--- Entries shown Enclosed Below ---

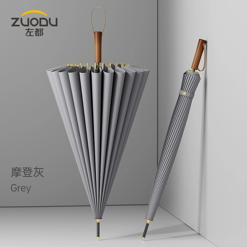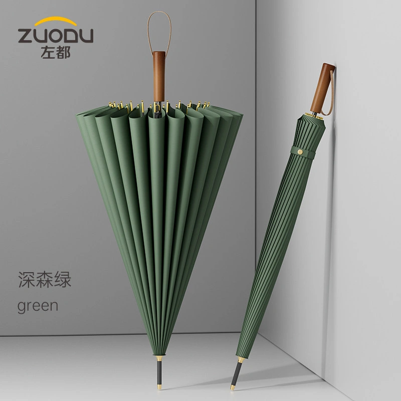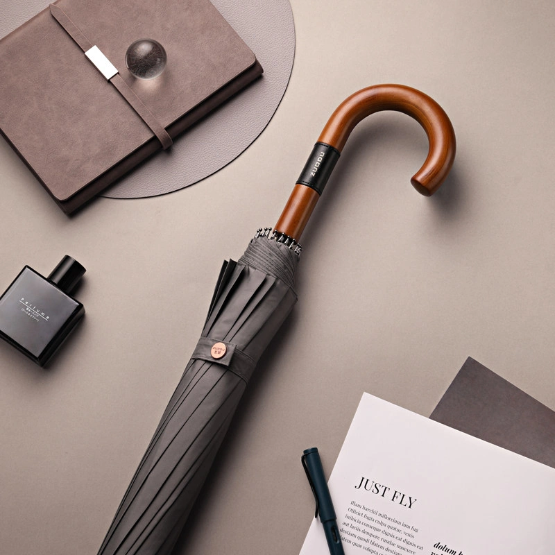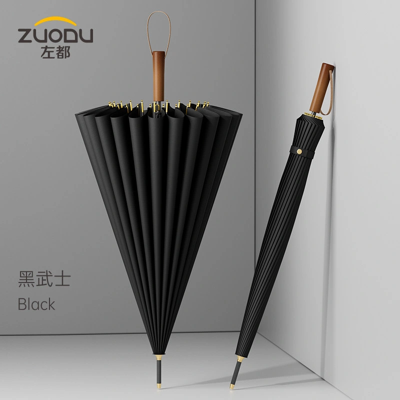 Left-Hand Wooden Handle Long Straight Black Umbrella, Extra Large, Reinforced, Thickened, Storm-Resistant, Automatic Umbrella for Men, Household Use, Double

--- End of Enclosed Entries shown ---
--- Entries shown Enclosed Below ---

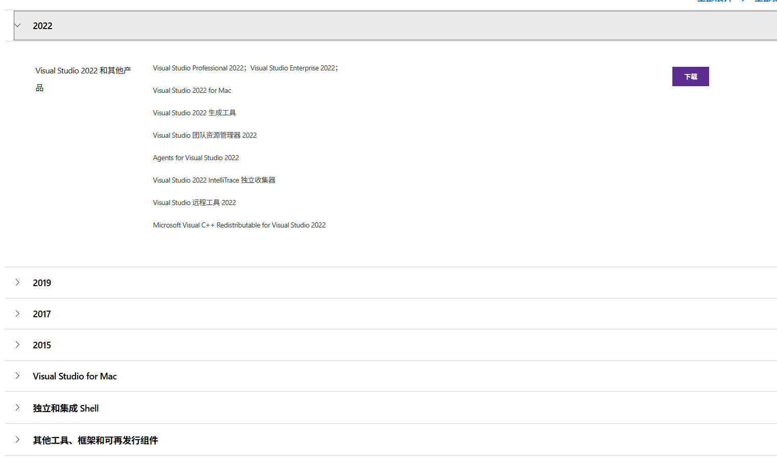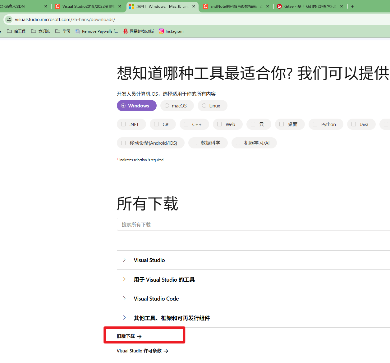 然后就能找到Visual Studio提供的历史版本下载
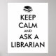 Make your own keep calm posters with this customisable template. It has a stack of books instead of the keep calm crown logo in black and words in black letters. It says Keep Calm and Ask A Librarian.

--- End of Enclosed Entries shown ---

* What is required: Look above for the line with "然后就能找到Visual Studio提供的历史版本下载"; quote it and every line after it, stopping after the line with "Make your own", exactly, with nothing added and without pictures.

* Exercise response:
 然后就能找到Visual Studio提供的历史版本下载
 Make your own keep calm posters with this customisable template. It has a stack of books instead of the keep calm crown logo in black and words in black letters. It says Keep Calm and Ask A Librarian.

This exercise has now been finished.